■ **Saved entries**
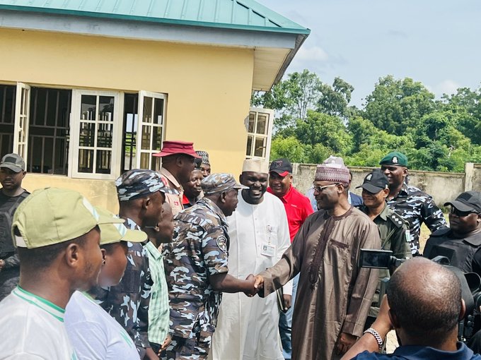 Prof. Mahmood Yakubu, visited the Commission’s Koton Karfe Local Government Office, as part of his Readiness Assessment visit to Kogi State. While there, he met with security officials and inspected the non-sensitive election materials already batched for the governorship election.
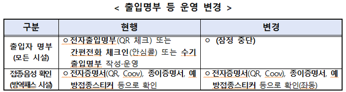 ▲ 출입명부 등 운영 변경. [보건복지부 제공] |
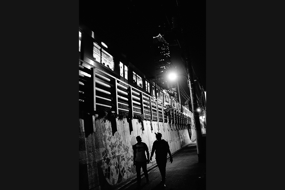 エスニックタウン、大久保で撮影したこの作品では、電車が通過する瞬間の光を活かし、敢えて二人の男を黒く潰してシルエットとして表現しました。モノクロ作品における白と黒とは、すなわち光と影だと思います。色彩の情報をシャットアウトして光景を光で捉え、影で描くのがモノクロならではの醍醐味です。一般的に50mmレンズが標準レンズとされていますが、被写体を切り取る感のある50mmよりも、その場の状況も捉える35mmこそがスナップにおける標準レンズなのではないかと思います。
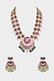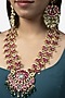Featuring a gold finish long necklace studded with red kundan polki, set in mixed metal. It is paired with a matching pair of earrings.
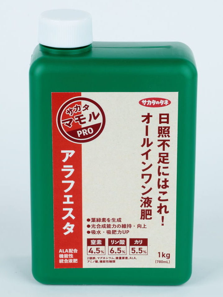 N:4.5% P:6.5% K:5.5%、2価鉄、マグネシウム、微量要素、ALA、アミノ酸
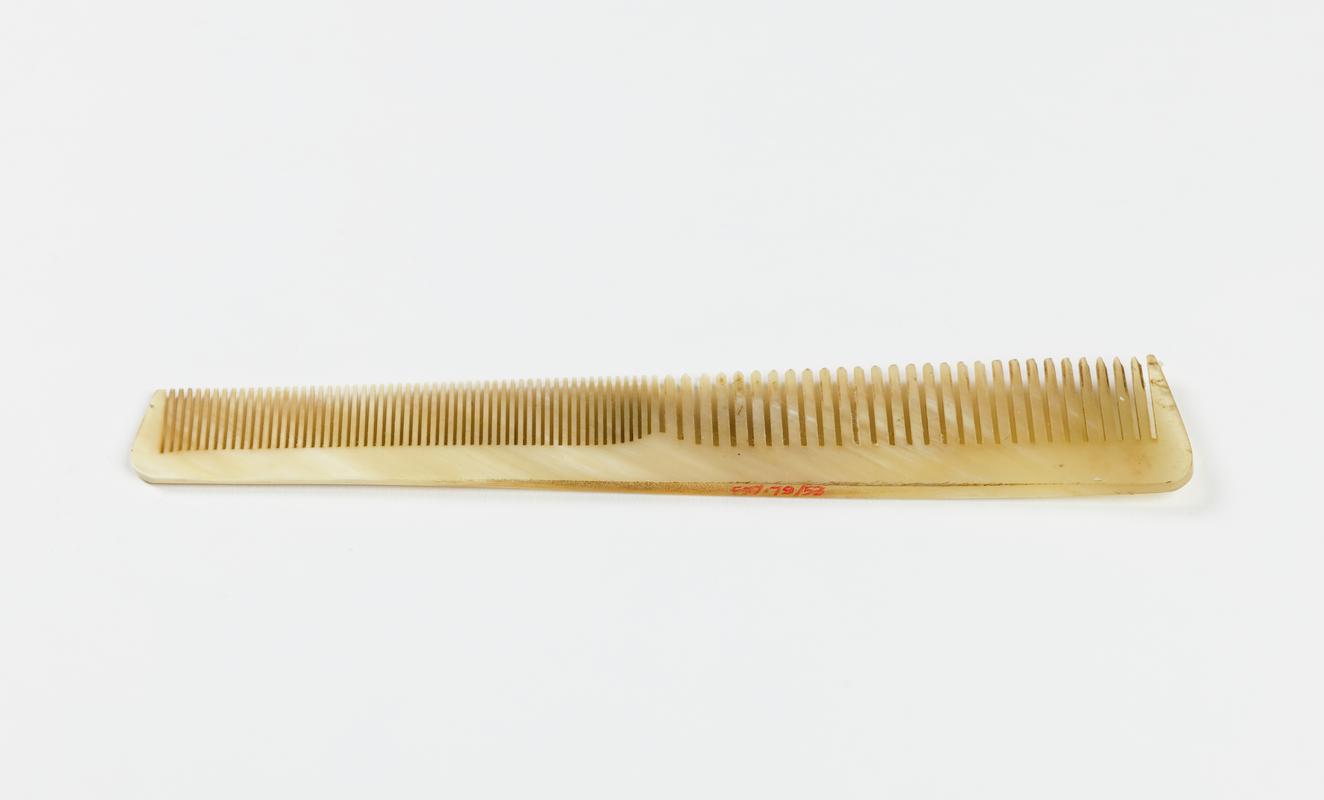 Very flexible, thin black plastic tapered Wahl comb with straight back and two cuts. From W. T. Bates, barber shop, 3 Bridgend Road, Llanharan.
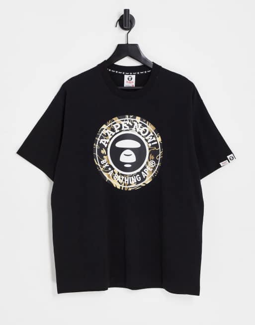 AAPE By A Bathing Ape brown camo logo t-shirt in black
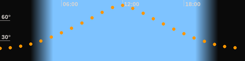 | Höchster Stand (Kulmination) | 11:54 Uhr (h = 82,4°) |
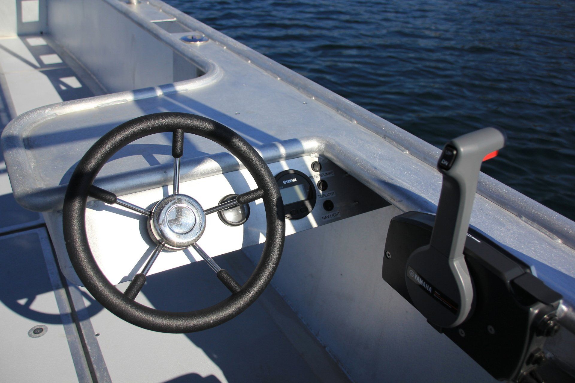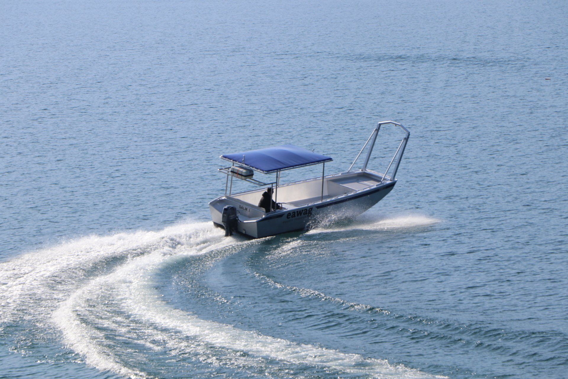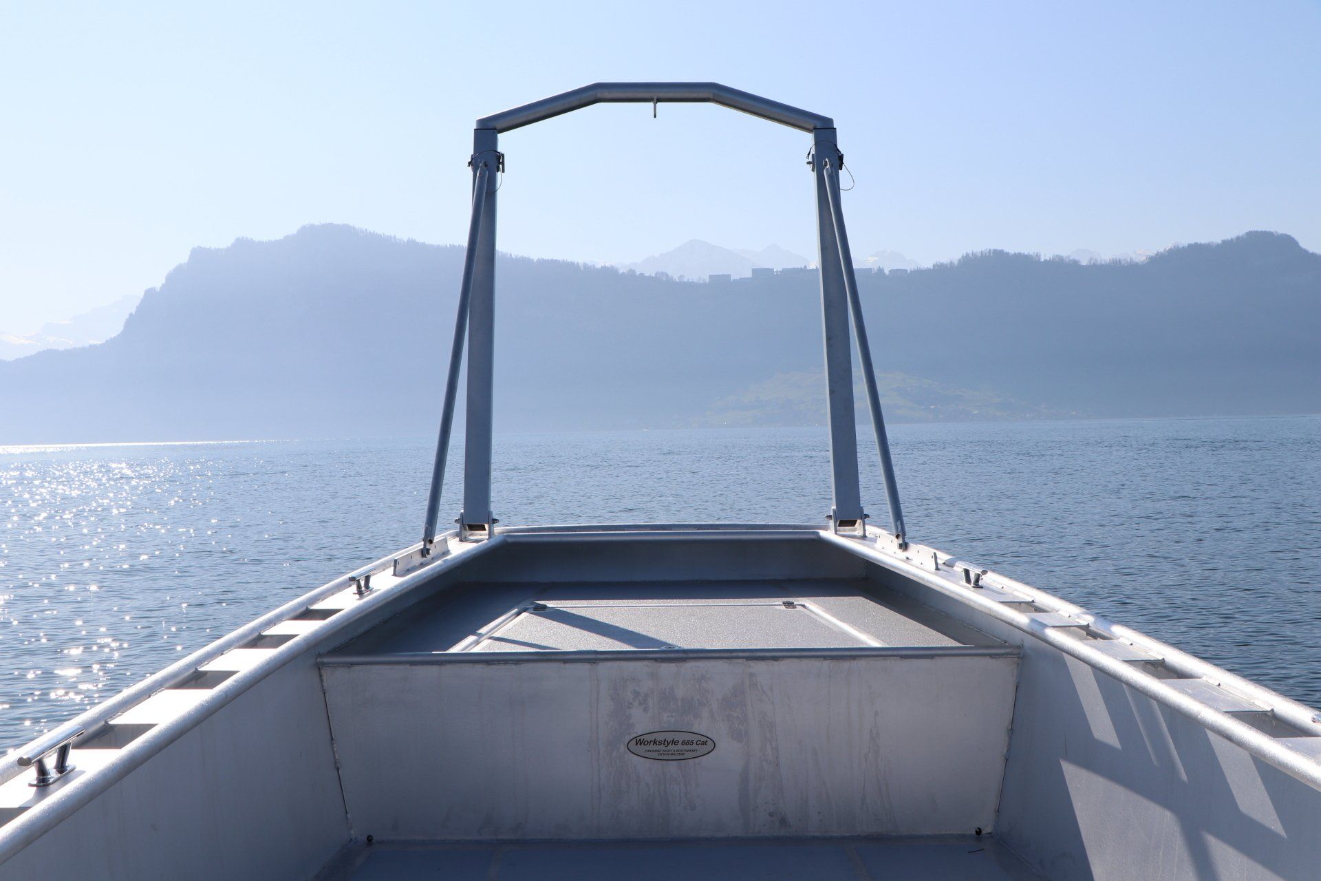 Das Arbeitsboot ist komplett selbstlenzend und unsinkbar. A-Frame am Bug dient als Kran zum Arbeiten über dem Bug. Die Katamaran-Bauform ermöglicht eine hohe Stabilität und eine solide Kursfahrt.

■ **Goal of the exercise**
Pictures excluded, reproduce only the part above that opens with the line holding "[보건복지부 제공] |" and closes with the line holding "エスニックタウン、大久保で撮", exactly as written.

■ **Result for this exercise**
 ▲ 출입명부 등 운영 변경. [보건복지부 제공] |
 エスニックタウン、大久保で撮影したこの作品では、電車が通過する瞬間の光を活かし、敢えて二人の男を黒く潰してシルエットとして表現しました。モノクロ作品における白と黒とは、すなわち光と影だと思います。色彩の情報をシャットアウトして光景を光で捉え、影で描くのがモノクロならではの醍醐味です。一般的に50mmレンズが標準レンズとされていますが、被写体を切り取る感のある50mmよりも、その場の状況も捉える35mmこそがスナップにおける標準レンズなのではないかと思います。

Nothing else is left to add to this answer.